Who to vote for today?

Apparently I am one of the 25% of folks who are still undecided. I’m not sure and I’m not being influenced by the last-minute media coverage this week as I am away at a silent meditation retreat. On the one hand I live in Westminster so unless I support the long-standing Conservatives my vote won’t change anything, but on the other hand, every little vote counts for a national total so I’m leaving the retreat early to do my duty.

If there was a Peace party, Equality, Fairness … or Women’s Party, which I hear might actually come about if Sandy Toksvig gets her way, then I would have some clear idea where my loyalties lay.

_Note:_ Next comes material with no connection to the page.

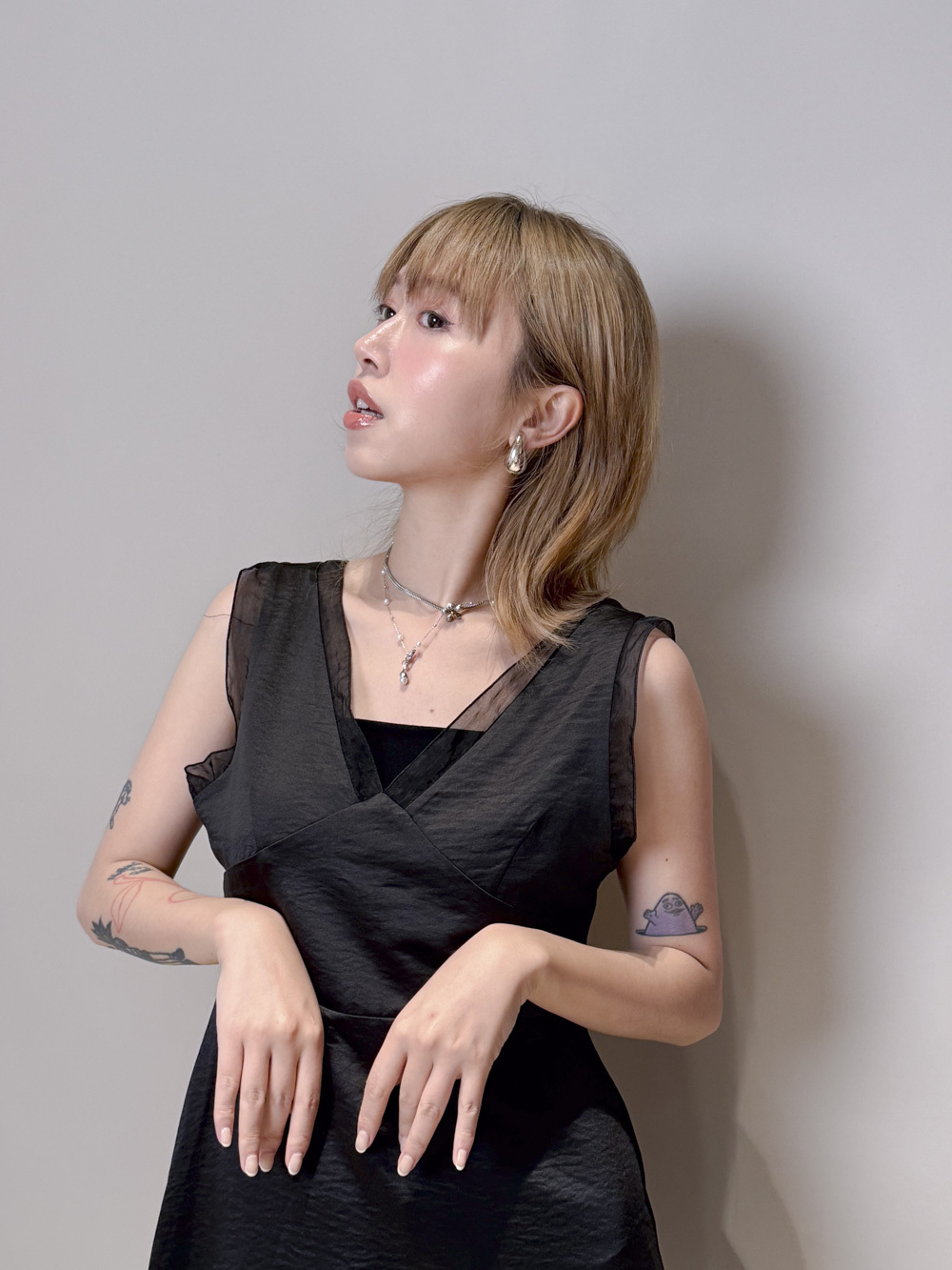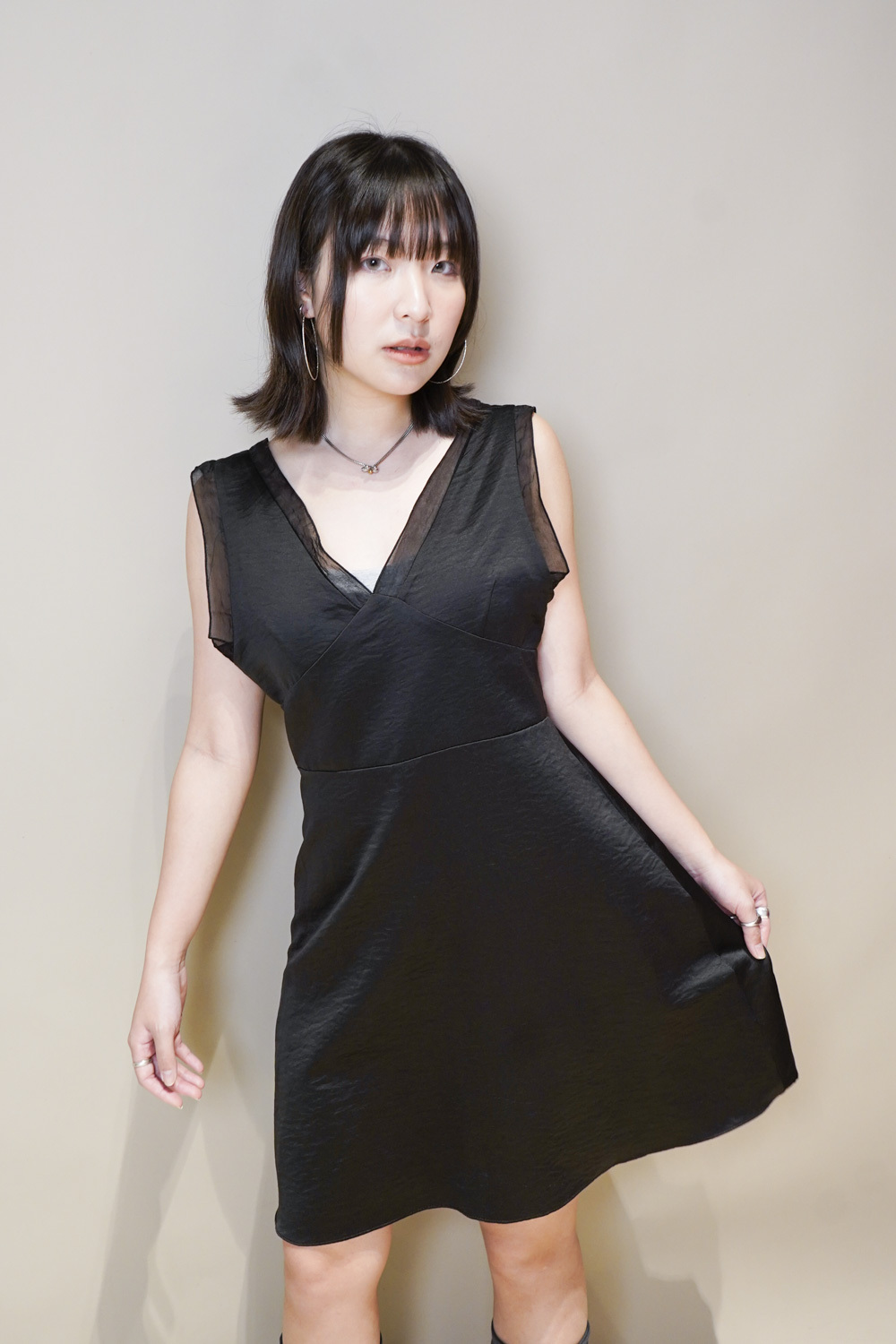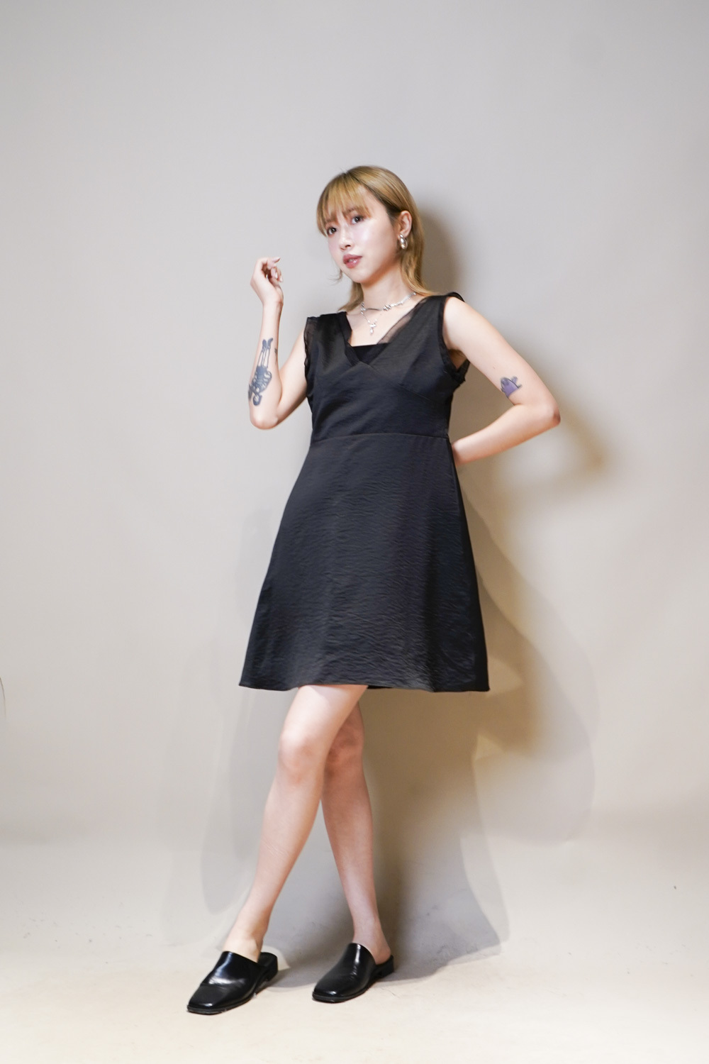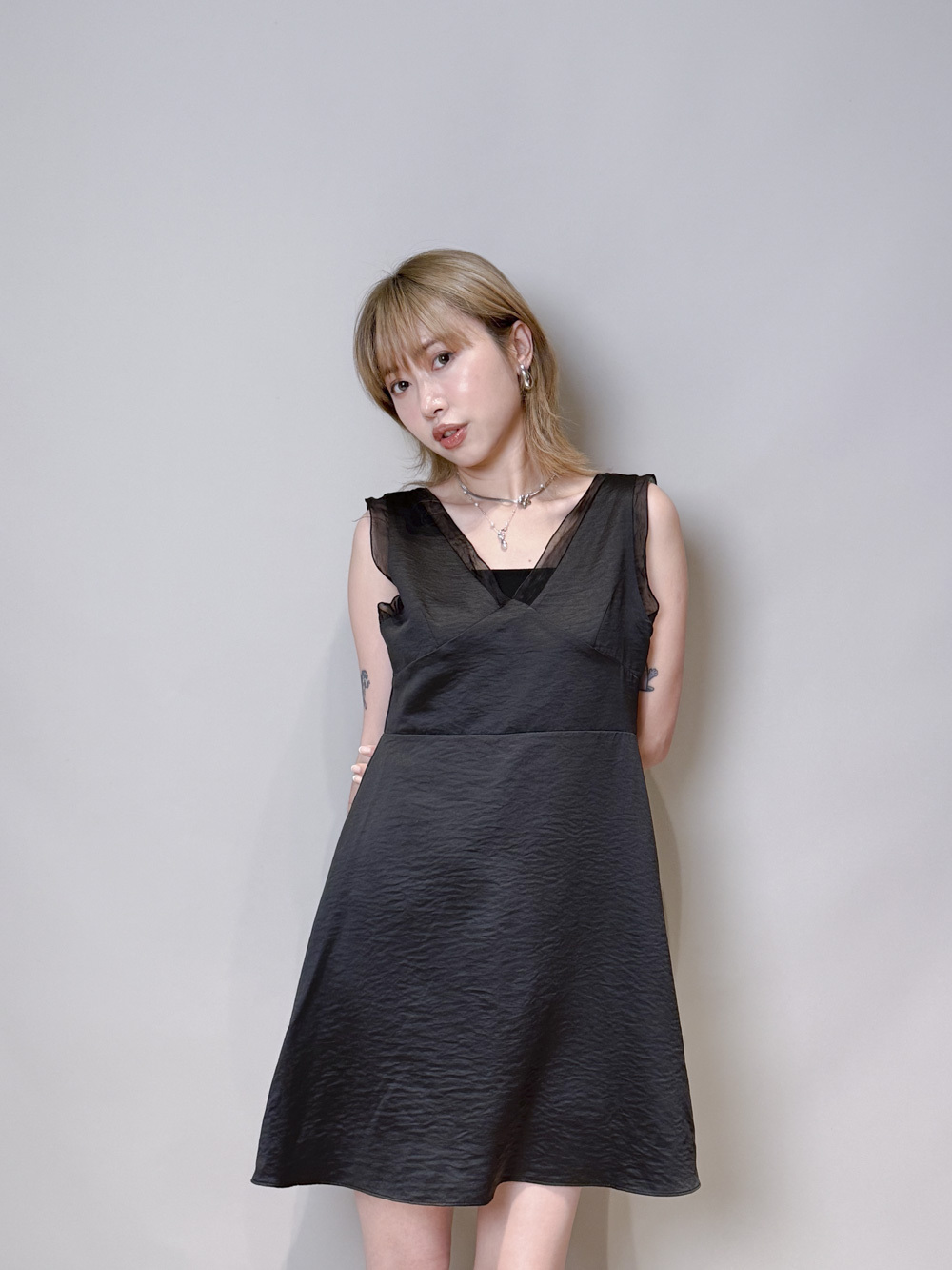 肩帶與領口透紗設計/更顯氣質/

But the swing from Left to Right, Red to Blue and vice versa is so unappealing. Somehow that polarisation no longer reflects the structure of society today.


Red or Blue .. or 50 shades in between?
I attended a live debate in Manchester a couple of weeks ago chaired by the Political Editor of the Independent newspaper. Afterwards, I went backstage to speak with him and overheard his conversation with another man bemoaning the fact that neither of the two big parties looked set to win a clear majority (again) but he was confident that things would return to ‘normal’ at the next election. I could not resist interjecting and humbly begged to differ. The origins of the Tory party came from those who owned the land, the estates, the factories, the businesses … while Labour largely emerged from the Union movement in the early 1900s and gave voice to those who worked for said owners.  Today, there is not that clear lack of division. Most people work and many people have some level of ‘ownership’ so that is no longer a valid way of dividing us. We will never gain be that polarised.

It was interesting to see in the first live TV Election debate that there were seven leaders and not three as there were four years ago. So many more voices, so many points of view, and each with something to offer. Why can’t we have some system where everybody gets heard?

Women’s voices brought a different tone
It was wonderful to see three women in that leadership line up and in the following debate that took  place without the current coalition leaders, the women were actually in the majority: three women, two men. Their language was different and each spoke passionately about correcting imbalances in society and providing better care. Not being the ones in power it was easy for them to talk about collaboration but they consistently spoke of the need and their desire to work together. And I believe having more women in the debate keeps the atmosphere much more polite, there is less abuse and fewer insults being thrown. On the Andrew Marr Show last weekend the host had to tell his two male sparring politicians, Ed Miliband and Boris Johnson to shut up as they were being so insulting to each other. That is somewhat different to the photograph captured when the TV debate ended of the three female leaders having a group hug.  Amazing!

Something needs to change and not getting a clear majority … again .. is going to force new conversations to be had about how the different factions representing all facets of society can be represented. I feel sure that the Lib Dems had a restraining effect on some of the Conservatives’ more harsh policies but nobody has been talking about that. Goodness knows why the LibDems did not give voice to what they have been doing for the last five years … that was a lost opportunity!

So who to vote for today?
I shall spend the next hour in meditation … then ask for some sign to guide me when I stand in the voting booth in Marylebone tonight.

Has it been an easier choice for any of you?